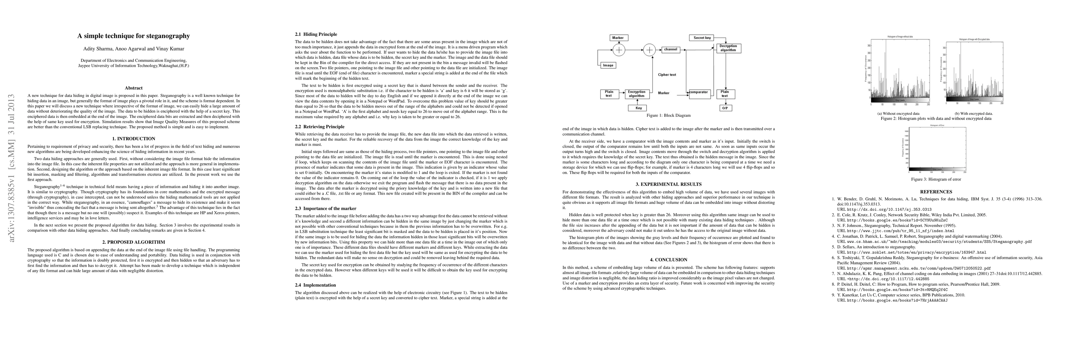 A new technique for data hiding in digital image is proposed in this paper. Steganography is a well known technique for hiding data in an image, but generally the format of image plays a pivotal role in it, and the scheme is format dependent. In this paper we will discuss a new technique where irrespective of the format of image, we can easily hide a large amount of data without deteriorating the quality of the image. The data to be hidden is enciphered with the help of a secret key. This enciphered data is then embedded at the end of the image. The enciphered data bits are extracted and then deciphered with the help of same key used for encryption. Simulation results show that Image Quality Measures of this proposed scheme are better than the conventional LSB replacing technique. The proposed method is simple and is easy to implement.
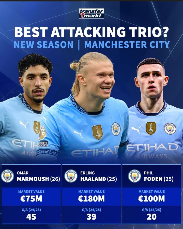 曼城:马尔穆什(7500万欧)+哈兰德(1.8亿欧)+福登(1亿欧)
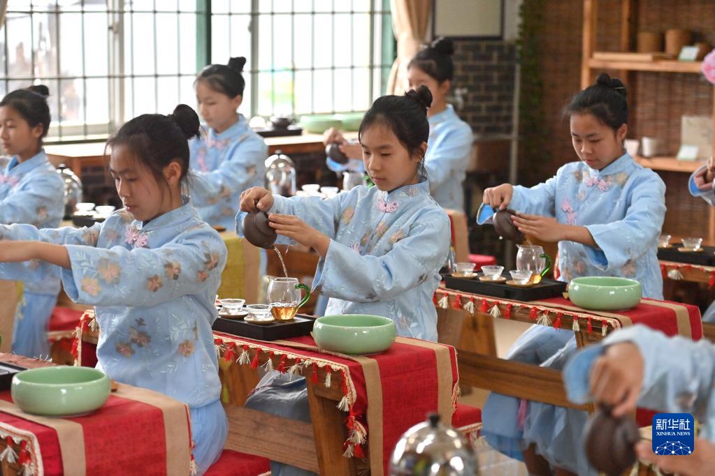 3月29日,在廣西梧州市蒼梧縣六堡鎮中心校,小學(xué)生們在學(xué)習茶藝。
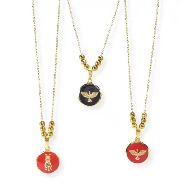 Los dijes son un excelente amuleto, y los accesorios son el pretexto perfecto para usarlos. La elección de accesorios con símbolos específicos es una gran manera de representar tus ideas o tu visión de la vida. Collar para mujer elaborada con cadenas y balines de acero dorado integrando un dije pintado a mano con baño dorado. - Largo de la cadena: 44 cm - Joya ensamblada artesanalmente. - Garantía de 30 días en acabados bajo condiciones normales de uso
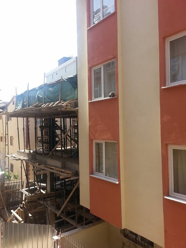 İstanbul'un Ümraniye ilçesinde yapılan inşaatta bir kedinin üzerine yanlışlıkla beton döküldü.

- WORK TO COMPLETE:
Starting at the line that holds "Los dijes son", write out every remaining line of the material above exactly as it appears. Pictures should not be copied.

- REPLY:
 Los dijes son un excelente amuleto, y los accesorios son el pretexto perfecto para usarlos. La elección de accesorios con símbolos específicos es una gran manera de representar tus ideas o tu visión de la vida. Collar para mujer elaborada con cadenas y balines de acero dorado integrando un dije pintado a mano con baño dorado. - Largo de la cadena: 44 cm - Joya ensamblada artesanalmente. - Garantía de 30 días en acabados bajo condiciones normales de uso
 İstanbul'un Ümraniye ilçesinde yapılan inşaatta bir kedinin üzerine yanlışlıkla beton döküldü.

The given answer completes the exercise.